Alpha Natural Resources has announced it will suspend operations at two mines in southern West Virginia by the end of November, resulting in furloughs for 92 workers.

BNSF’s Rose Doesn’t See Coal Volumes Returning

August 11, 2015

A top U.S. Class 1 railroad executive told an energy conference that coal traffic on the railroads is in decline and that it is not going to recover.

In fact, Matthew K. Rose, the executive chairman of BNSF, fears that the Power River Basin line may become stranded assets.

Rose, speaking at the U.S. Energy Information Agency’s 2015 EIA Energy Conference, said changing energy policies have led to falling coal volumes.

In 2006, BNSF moved 287 million tons of coal out of the Powder River Basin in Wyoming and Montana.

“It was a time of heavy coal demand,” Rose said. “We had a severe weather disruption in the basin that constricted deliveries going into the summer. The administration and Capitol Hill strongly believed that our investment in our coal network was insufficient and that much more investment was needed if we were to meet the forecast of demand going forward.

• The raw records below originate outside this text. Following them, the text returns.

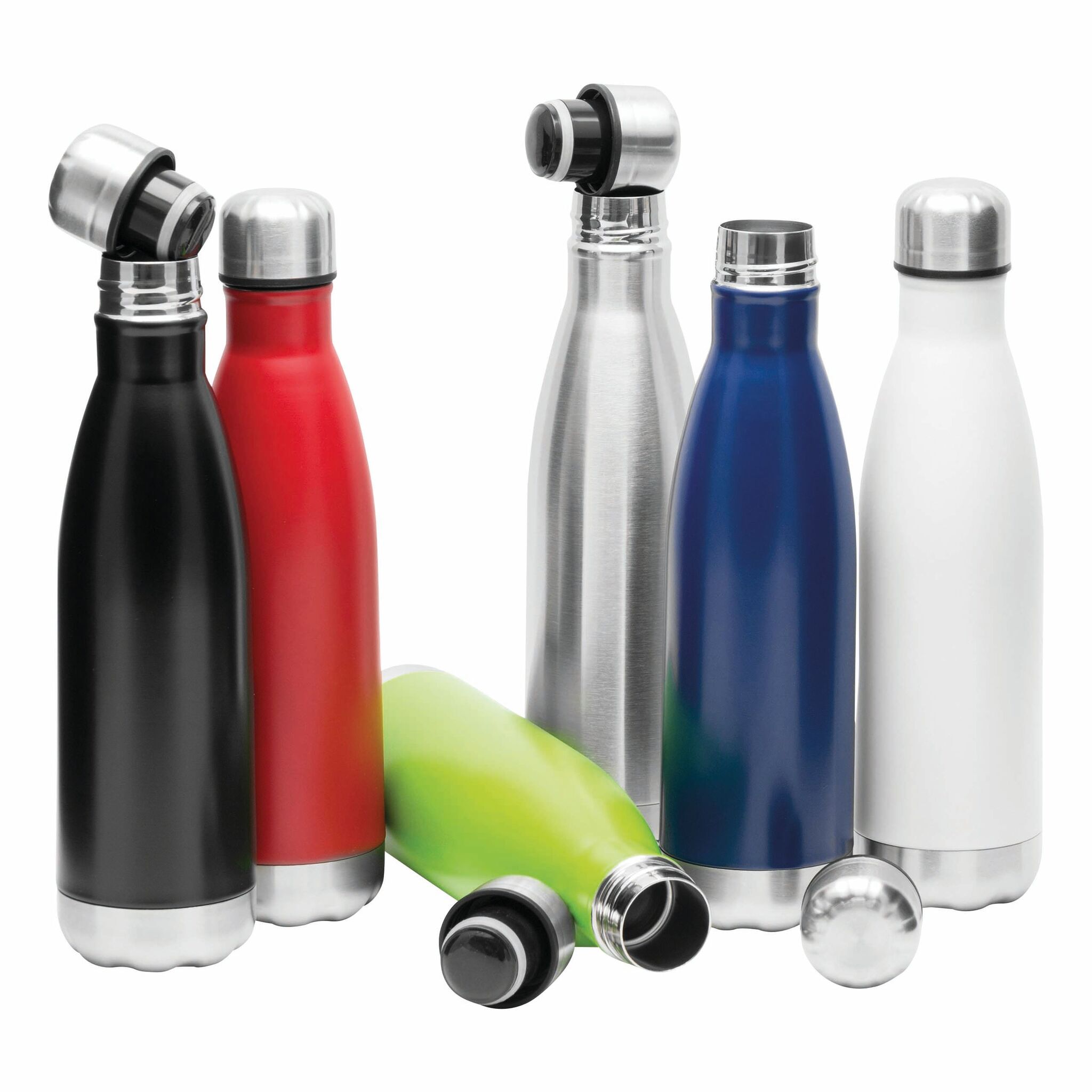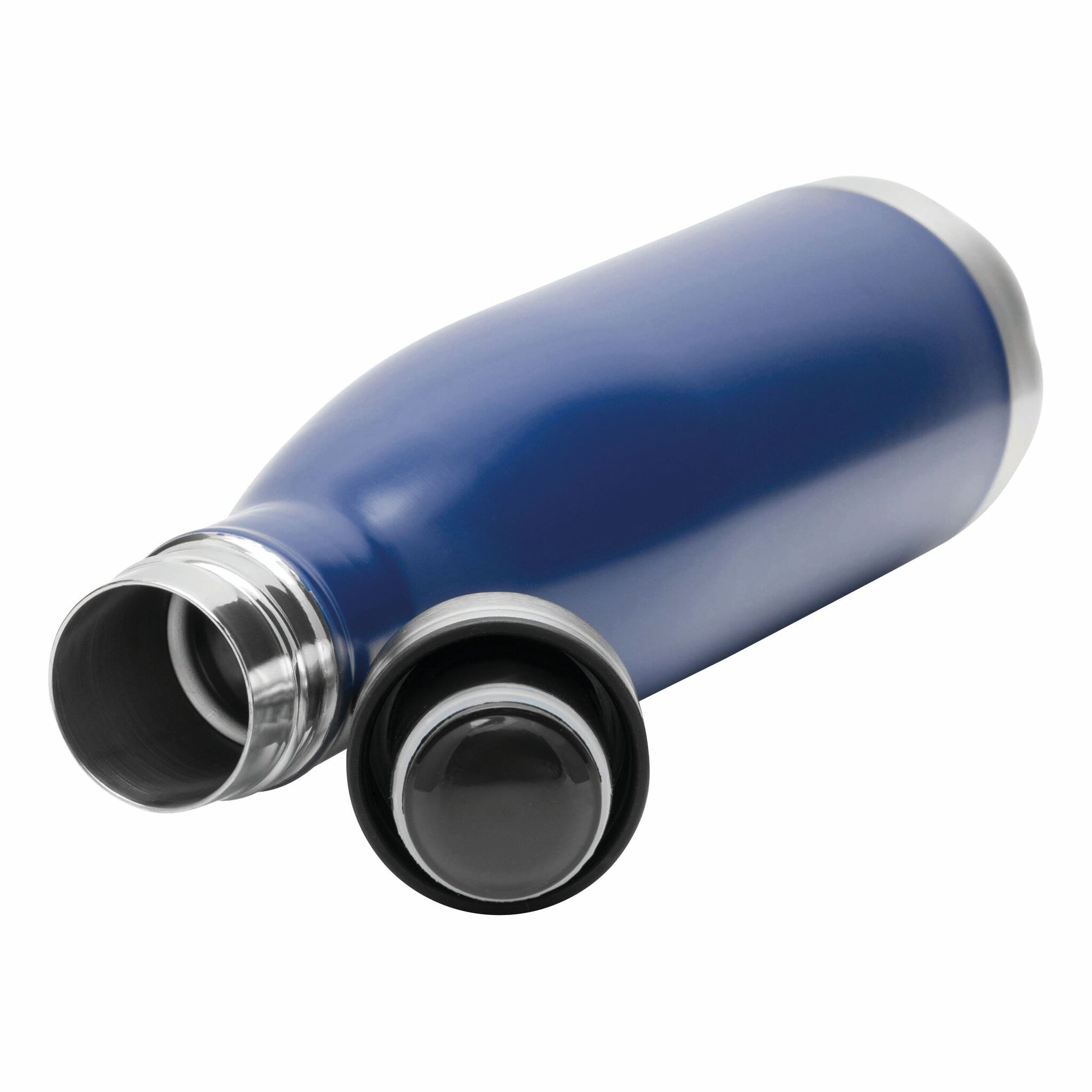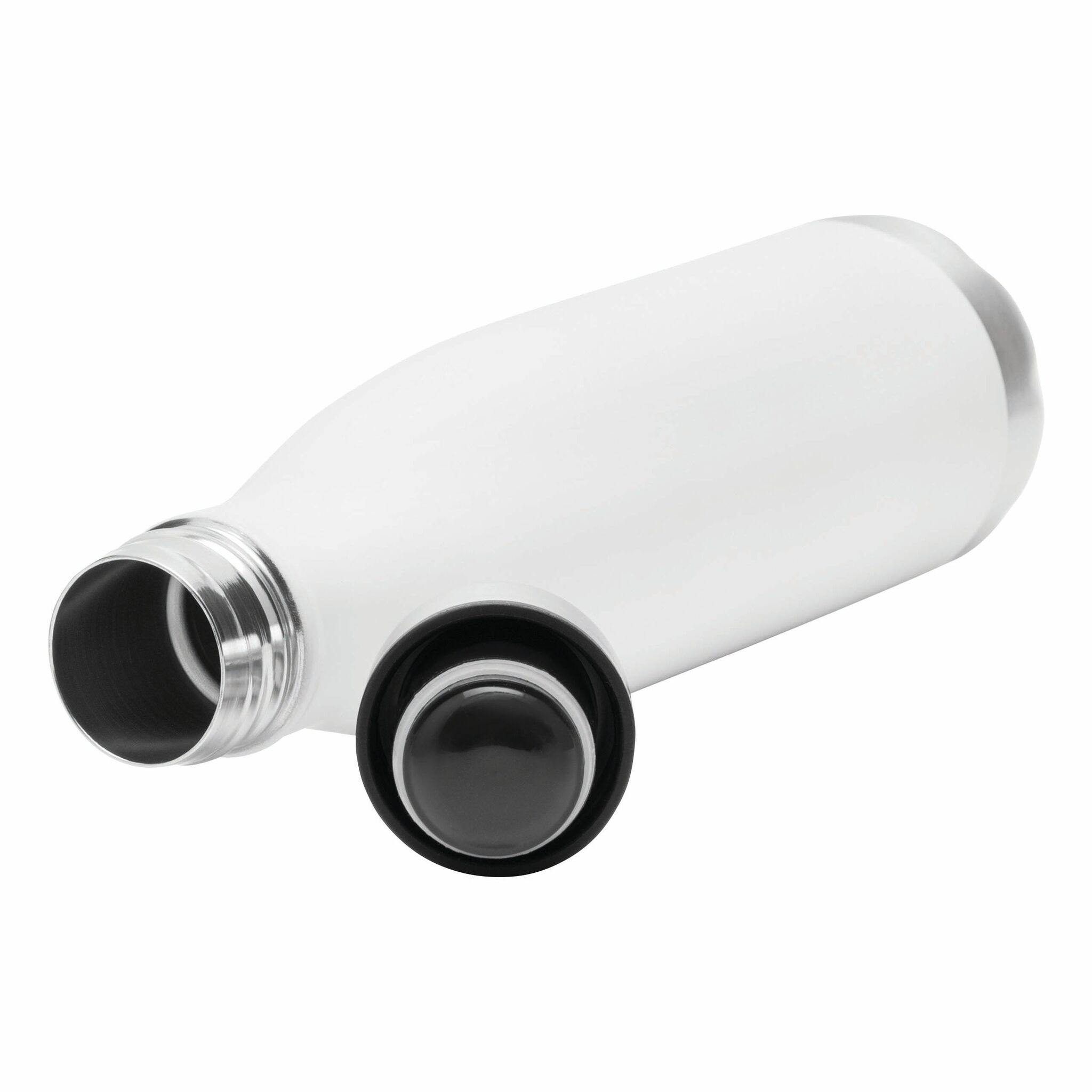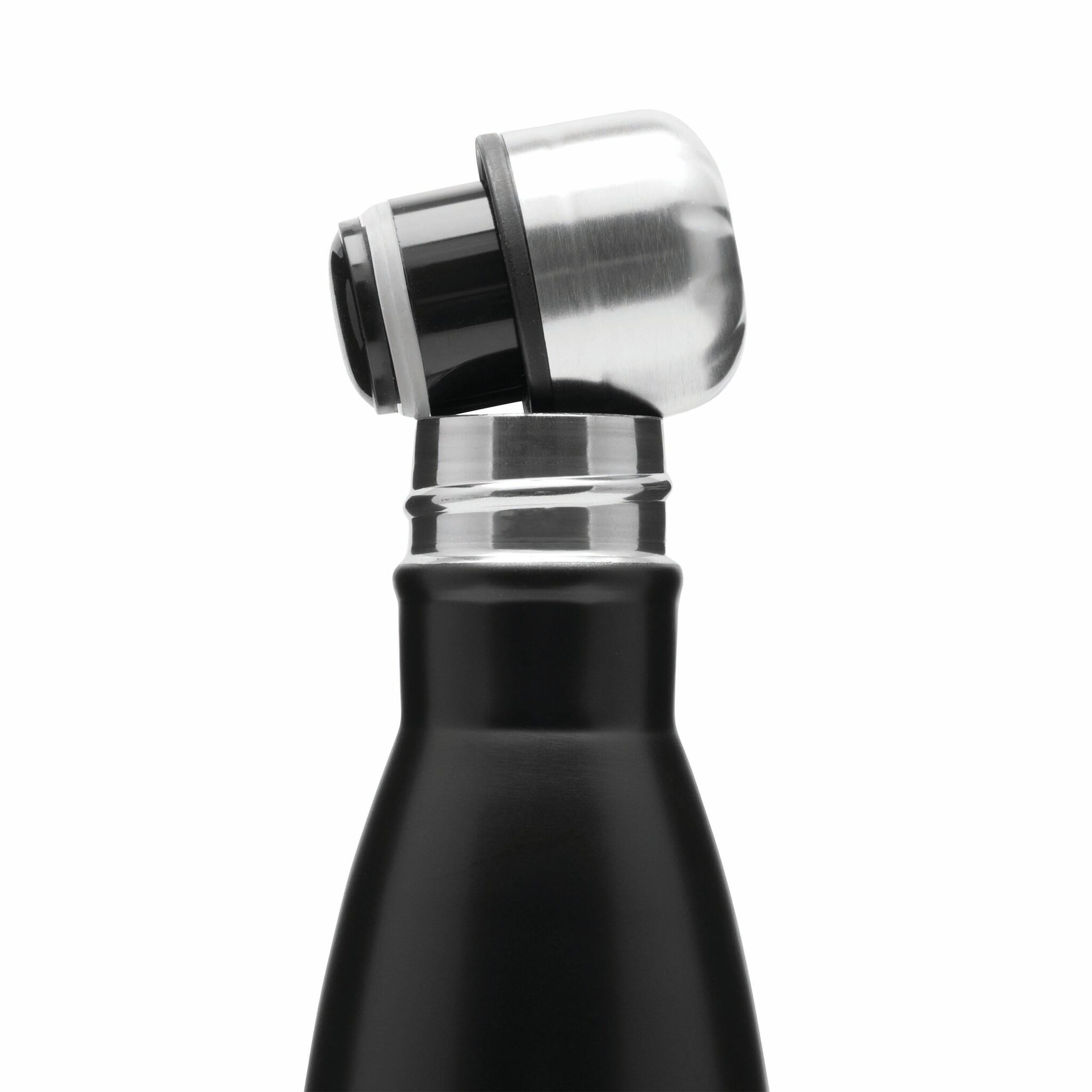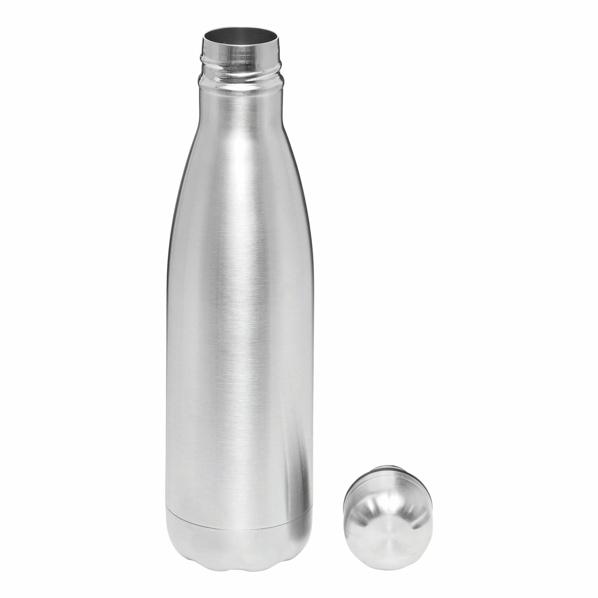 Вакуумная бутылка с двойными стенками GOLDEN TASTE : внутри и снаружи изготовлена из нержавеющей стали, надежная закручивающаяся крышка серебряного цвета, объем ок. 500 ml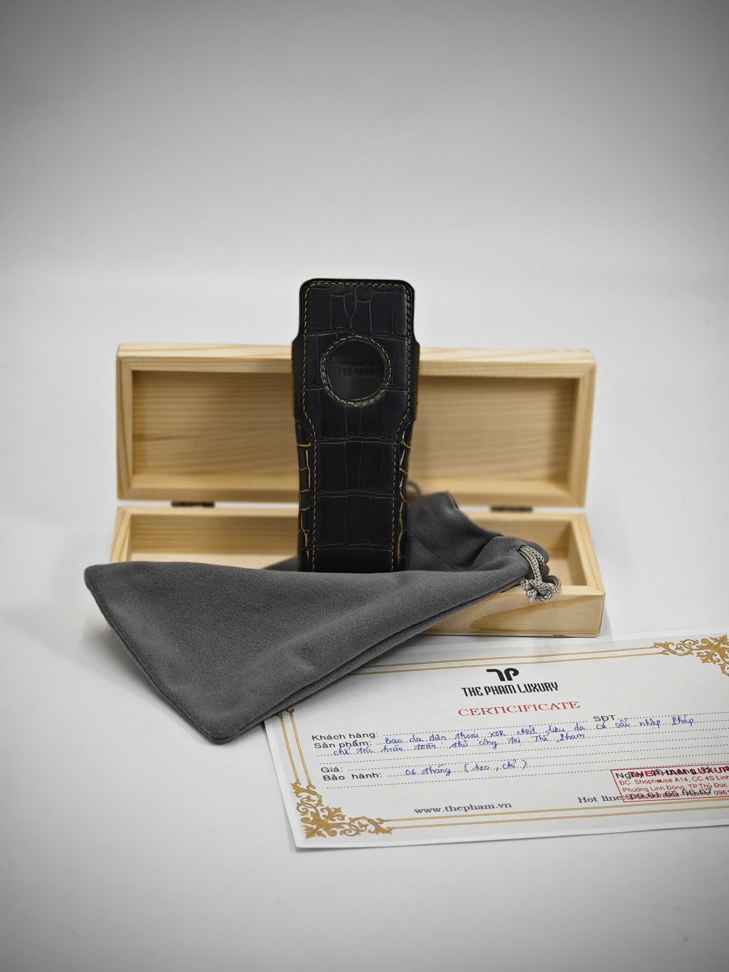 Một chiếc điện thoại đẳng cấp xứng đáng với một chiếc bao da xứng tầm. Bao da XOR da cá sấu Pháp phối nhũ vàng của Thế Phạm không chỉ là phụ kiện, mà còn là minh chứng cho gu thẩm mỹ tinh tế, khẳng định đẳng cấp và phong cách riêng của chủ nhân.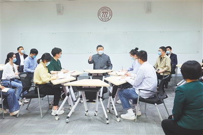 上午9时20分许,习近平在中国人民大学党委书记张东刚、校长刘伟陪同下,首先来到立德楼,观摩思政课智慧教室现场教学。习近平同青年学生一起就座,认真倾听并参与讨论,对学校立足自身优势,不断推进思政课教学改革创新,打造高精尖水平思政课的做法表示肯定。他强调,思想政治理论课能否在立德树人中发挥应有作用,关键看重视不重视、适应不适应、做得好不好。思政课的本质是讲道理,要注重方式方法,把道理讲深、讲透、讲活,老师要用心教,学生要用心悟,达到沟通心灵、启智润心、激扬斗志。青少年思想政治教育是一个接续的过程,要针对青少年成长的不同阶段,有针对性地开展思想政治教育。希望人民大学绵绵用力,久久为功,止于至善,为全国大中小学思政课教学提供更多“金课”。也鼓励各地高校积极开展与中小学思政课共建,共同推动大中小学思政课一体化建设。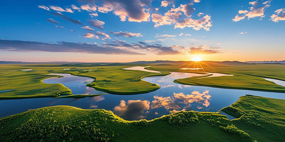 抵達后哈達接團,乘車(約1小時)赴【呼倫貝爾草原景區】(含門票),呼倫貝爾大草原是世界四大草原之一,無限的草原風光壯美而遼闊,讓您身心完全舒展,途經蜿蜒曲折的“天下第一曲水”——莫日格勒河畔(《尋龍訣》的熱映,使外景地呼倫貝爾大草原上的莫日格勒河名聲遠播),河道彎彎曲曲,有的地方不足百米的長度,卻有十幾道彎,因此以“曲”聞名,藍天、白云、曲水、青山、牛群、羊群,構成一幅絕美的圖畫……
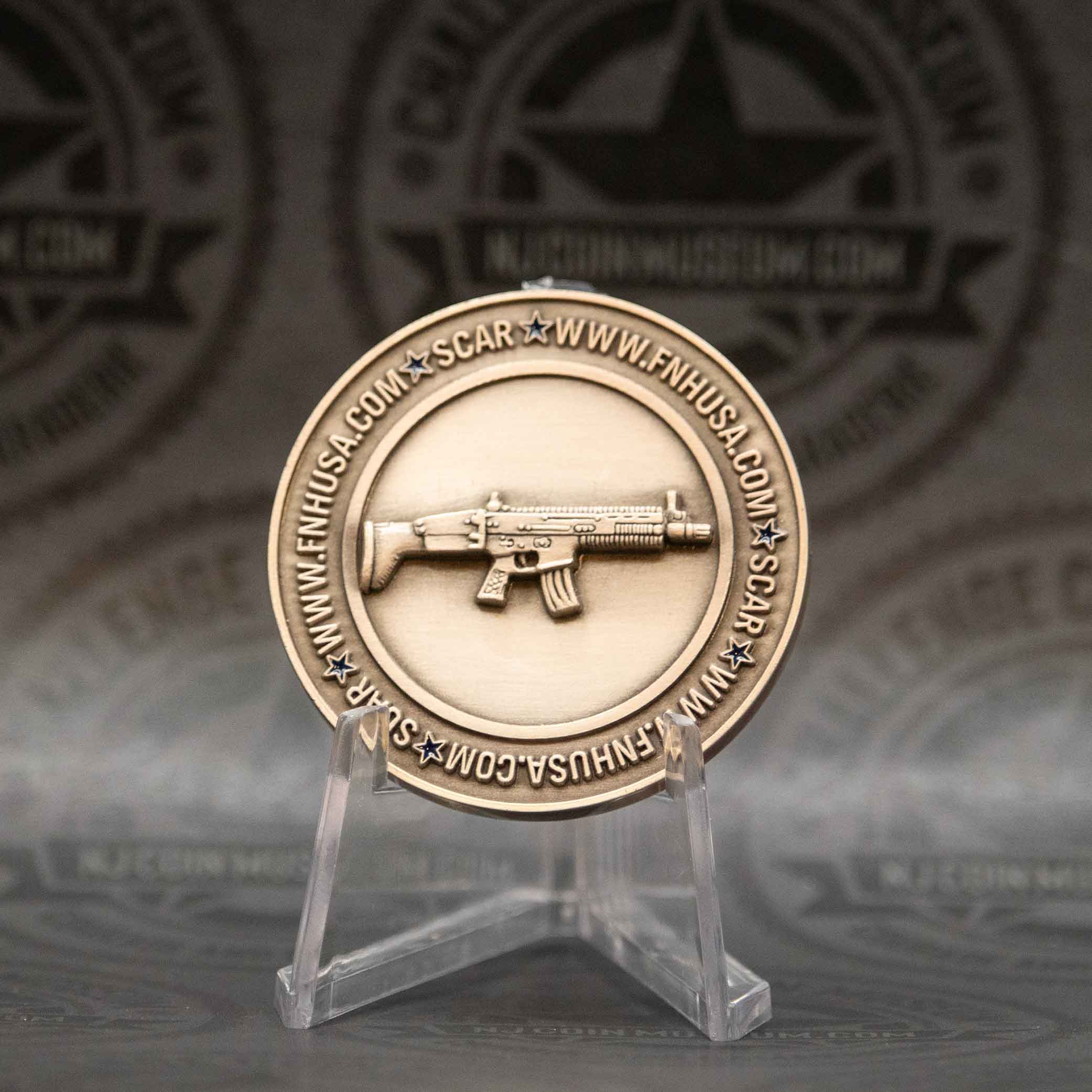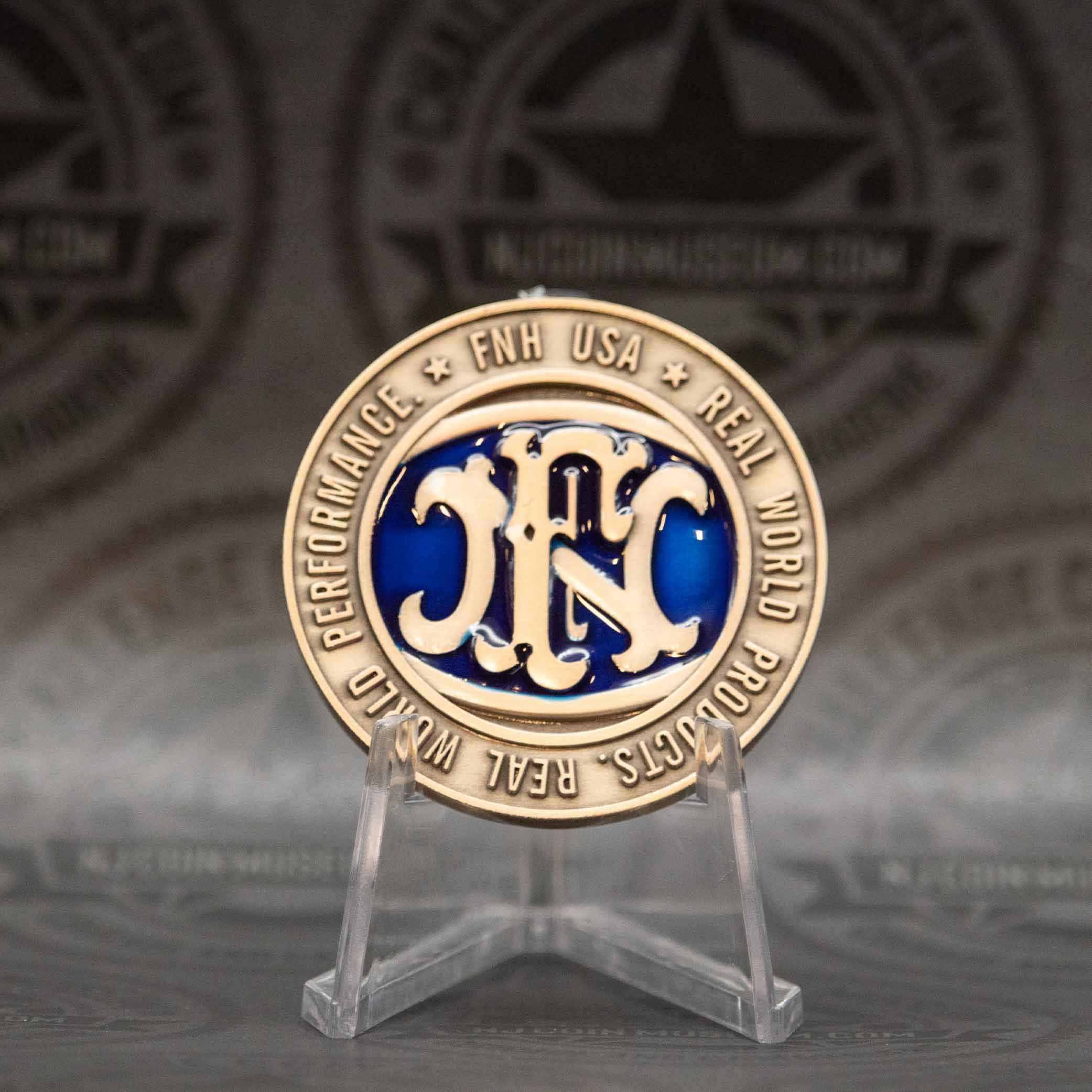 The “NF USA Real World Products Real World Performance” challenge coin is a commemorative item associated with FNH USA, the U.S. subsidiary of FN Herstal, a renowned Belgian firearms manufacturer. We invite you to stop in anytime and see this Beautiful Museum! Click HERE for hours and directions. Have a challenge coin we may not

We invested heavily and now the capacity and the operations of the [Powder River Basin] lines are very, very impressive.”

Less than a decade later, Rose doesn’t believe that BNSF will see that level of coal volume again.

“That leaves us with millions of dollars in investment in what will eventually be stranded assets,” he said.

For now, Powder River coal remains important to BNSF’s bottom line, accounting for about 20 percent of its traffic and 25 percent of its revenue.

Rose doesn’t believe that the same scenario will play out with crude oil, “because other commodities benefit from the expansion of these crude routes.”

CSX Expects 5% Decline in Coal Traffic in 2015

March 5, 2015

CSX is projecting a 5 percent or greater decline in coal volume in 2015.

Chief Financial Officer Fredrik Eliasson said the decline in coal shipments reflects the relatively mild winter weather and low natural gas prices.

With oil prices being low, CSX expects growth in crude oil shipments to be more moderate than originally expected.

Eliasson said the railroad also expects merchandise and intermodal traffic to grow this year.